E concluem: “Os três pontos acima evidenciam preocupações com relação ao incremento de litigiosidade, de morosidade e de maior intervenção judicial que poderá advir à falência em razão das alterações propostas pelo PL 3/2024”.

É de se destacar que, em 24 de dezembro de 2020, a Lei de Responsabilidade Fiscal (LRF) foi alterada, após intenso debate legislativo e análogo com o Judiciário, trazendo inovações ao processo de falência que foram bem recebidas pela comunidade jurídica, entenderam que contribuíram para tramitação mais célere e eficiente do processo. Por serem bem recentes, tais alterações ainda não foram sequer objeto de estudo para apurar seu impacto no processo falimentar.
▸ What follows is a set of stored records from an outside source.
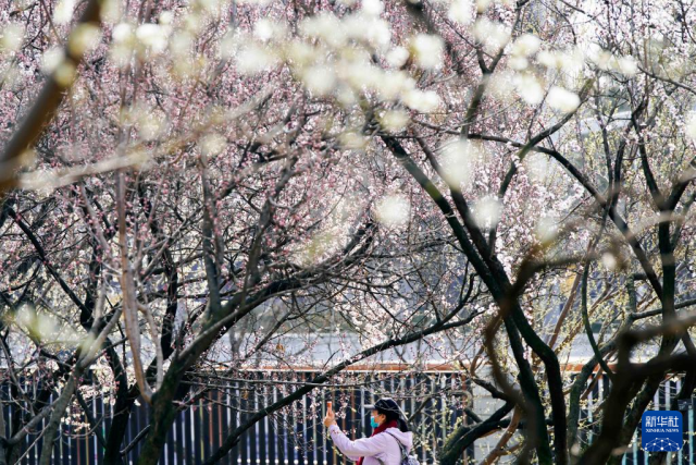 3月19日,游客在北京国家植物园赏花拍照。
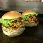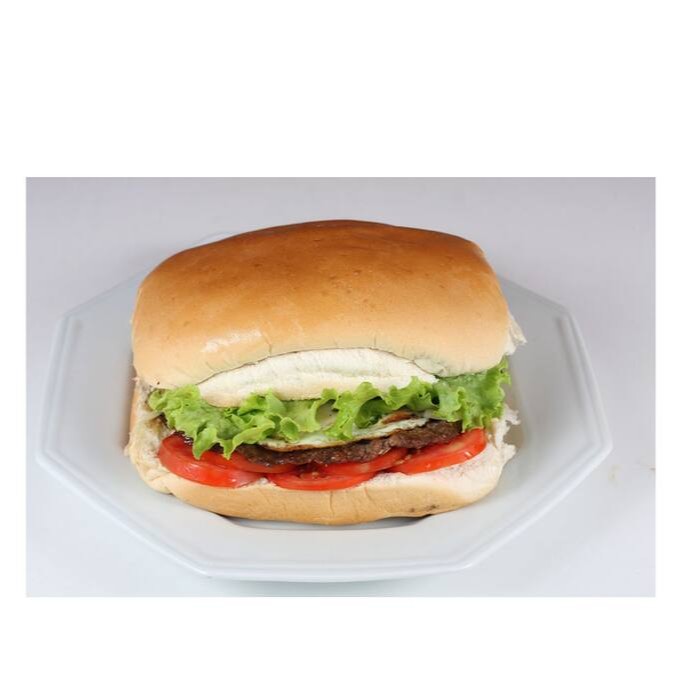 X. Bacon : Pão, hambúrguer de boi, bacon, mussarela, alface, tomate.
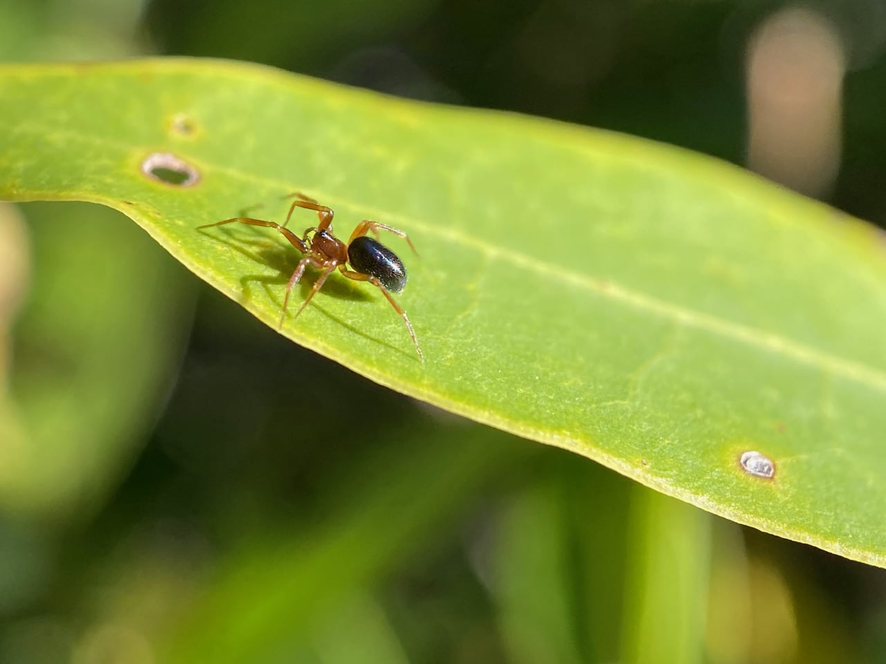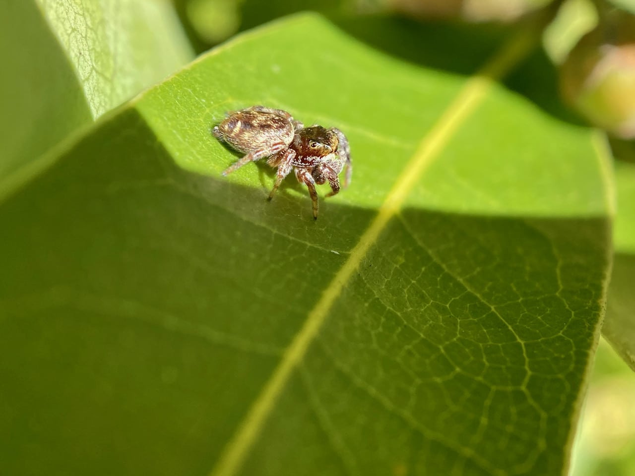 Look, here’s a Jumping Spider on a Bay leaf. I think it is a Coppered White-cheeked Jumping Spider, Pelegrina aeneola (family Salticidae).
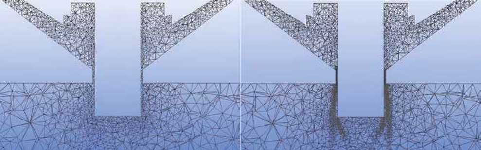 Рис. 5. Расчетные сетки: слева – исходная, справа – адаптированная.
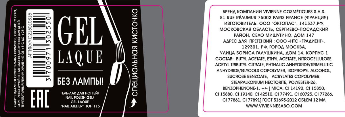 Vivienne Sabo Гель-лак для ногтей Nail Atelier, тон 115, 12 мл

Nova alteração do processo falimentar, portanto, sobretudo levando em conta a recente reforma, deve ser precedida de amplo debate pela sociedade e dos operadores do direito que atuam na área, para permitir o amadurecimento das sugestões propostas e apresentar maior esclarecimento quanto às preocupações apresentadas pelos magistrados.

O que diz o relatório?

Segundo o texto, caberá à assembleia geral de credores escolher o gestor fiduciário, com atribuições de elaborar o plano de falência e levar adiante a venda de bens para satisfazer as despesas com o processo falimentar e pagar os credores segundo suas classes de preferência. O administrador judicial da falência somente atuará se a assembleia de credores não eleger um gestor.
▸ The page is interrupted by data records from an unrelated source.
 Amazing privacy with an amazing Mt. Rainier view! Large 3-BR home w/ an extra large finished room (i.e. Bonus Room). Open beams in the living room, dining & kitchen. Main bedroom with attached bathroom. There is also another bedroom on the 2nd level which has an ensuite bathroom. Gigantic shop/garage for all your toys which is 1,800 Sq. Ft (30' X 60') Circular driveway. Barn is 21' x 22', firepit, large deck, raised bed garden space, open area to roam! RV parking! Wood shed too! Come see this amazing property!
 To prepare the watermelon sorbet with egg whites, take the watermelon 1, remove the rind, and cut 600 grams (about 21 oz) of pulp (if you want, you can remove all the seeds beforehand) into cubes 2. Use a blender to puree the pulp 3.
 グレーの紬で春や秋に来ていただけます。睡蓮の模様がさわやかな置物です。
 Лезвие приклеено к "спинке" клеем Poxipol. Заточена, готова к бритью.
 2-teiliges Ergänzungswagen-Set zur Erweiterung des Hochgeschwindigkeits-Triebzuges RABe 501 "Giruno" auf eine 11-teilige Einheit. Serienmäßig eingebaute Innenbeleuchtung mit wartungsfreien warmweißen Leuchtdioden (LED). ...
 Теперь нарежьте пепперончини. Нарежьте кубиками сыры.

O substitutivo da relatora deputada Dani Cunha trouxe várias mudanças, como centralizar apenas na vara falimentar a execução de créditos trabalhistas apurados pela Justiça Trabalhista, que não poderá realizar atos de execução, cobrança, penhora ou arresto de bens por parte da vara trabalhista.

Administrador judicial

Cunha criticou os chamados administradores judiciais, nomeados pelo juiz de falência, para administrar a massa falida. “Com vultosos números, as contas de um processo de falência jamais são sanadas, já os bolsos dos administradores judiciários, em contrapartida, são lotados,” afirmou.

Ela reclamou ainda do fato de que, além do salário, os administradores recebem um percentual do patrimônio administrado, passando na frente dos trabalhadores e de outros credores na hora do recebimento.

“É extremamente importante acelerar os processos de falência, desburocratizar e, acima de tudo, moralizar uma caixa preta desfrutada por uma seleta classe que, logicamente, mais se insurgiu contra o projeto,” concluiu a relatora.